■ **Collected data**
Content starts

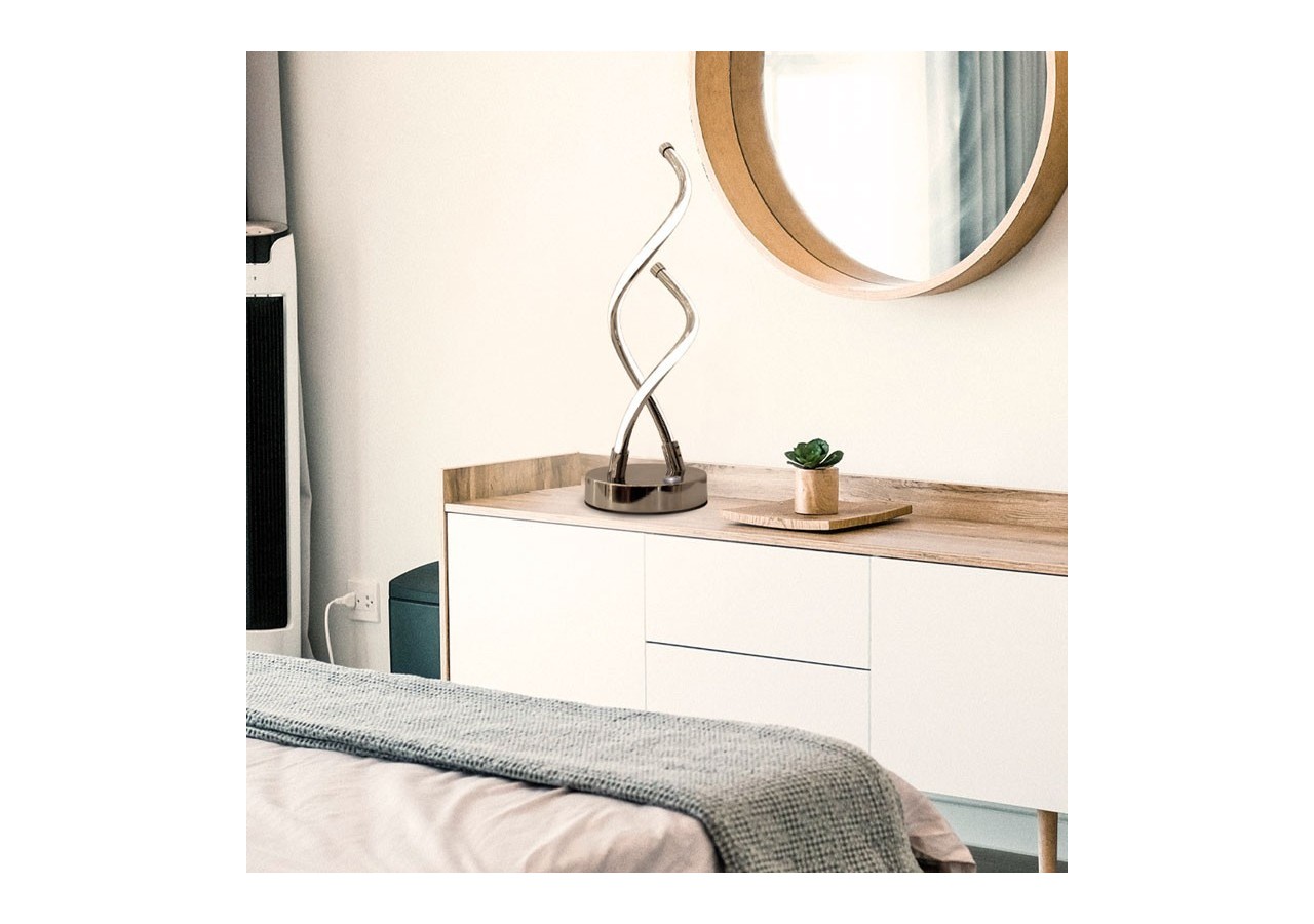 Lampe de table à intensité variable avec LED intégrée de 8W. Avec un design minimaliste et moderne, elle est parfaite pour être combinée avec des styles décoratifs contemporains.
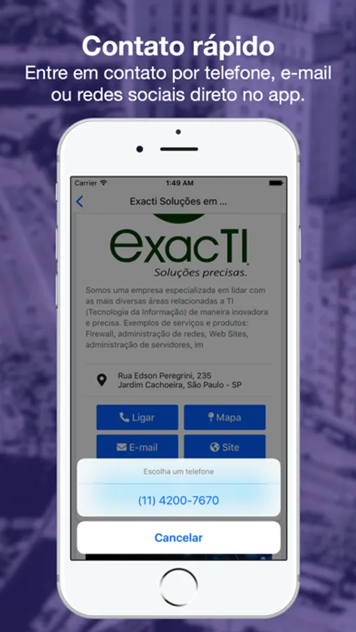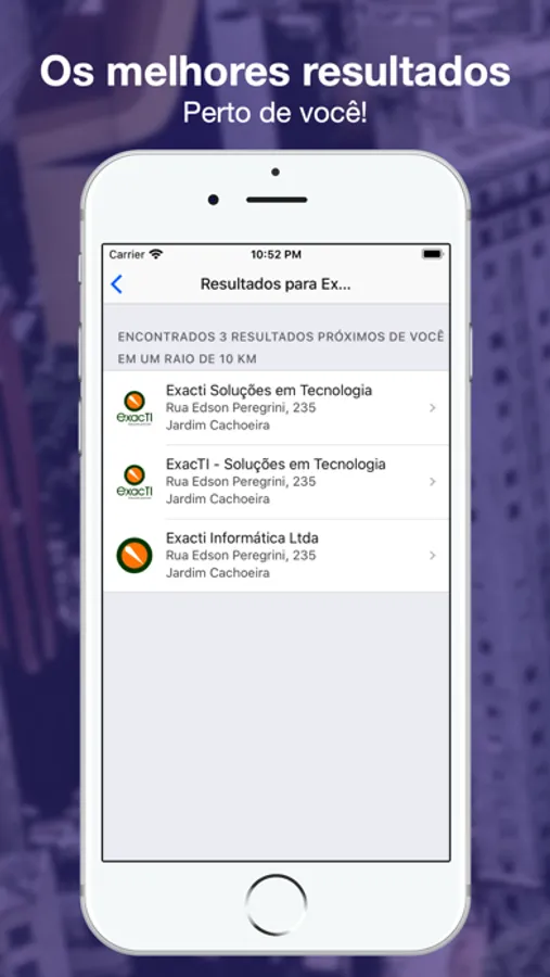 Encontre lojas, hotéis, farmácias, bancos, pizzarias, imobiliárias, mecânicas, supermercados, etc., tudo através de uma interface intuitiva e integrada com seu dispositivo iOS.
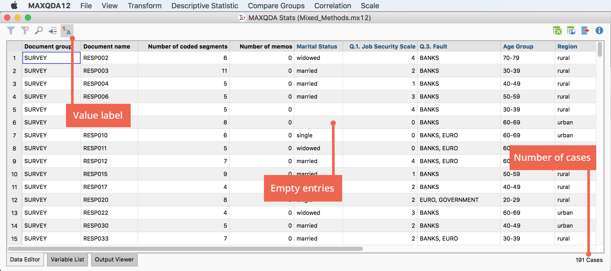 The MAXQDA Stats Data Editor displays the cases in the rows and the variables in the columns. Each case is therefore in a separate line. The following figure shows the Data Editor for a MAXQDA project, which essentially correponds to the Data Editor for the MAXQDA document variables. The first row provides information on the document “RESP002” which contains 6 coded segments and 0 memos. It refers to a survey respondent that is widowed, has a high job security level and is between 70 and 79 years old.

Content ends

■ **What this task involves**
Starting from the first line of the listing above, write out every line exactly through the one containing "seu dispositivo iOS.", and drop the pictures.

■ **Exercise output**
 Lampe de table à intensité variable avec LED intégrée de 8W. Avec un design minimaliste et moderne, elle est parfaite pour être combinée avec des styles décoratifs contemporains.
 Encontre lojas, hotéis, farmácias, bancos, pizzarias, imobiliárias, mecânicas, supermercados, etc., tudo através de uma interface intuitiva e integrada com seu dispositivo iOS.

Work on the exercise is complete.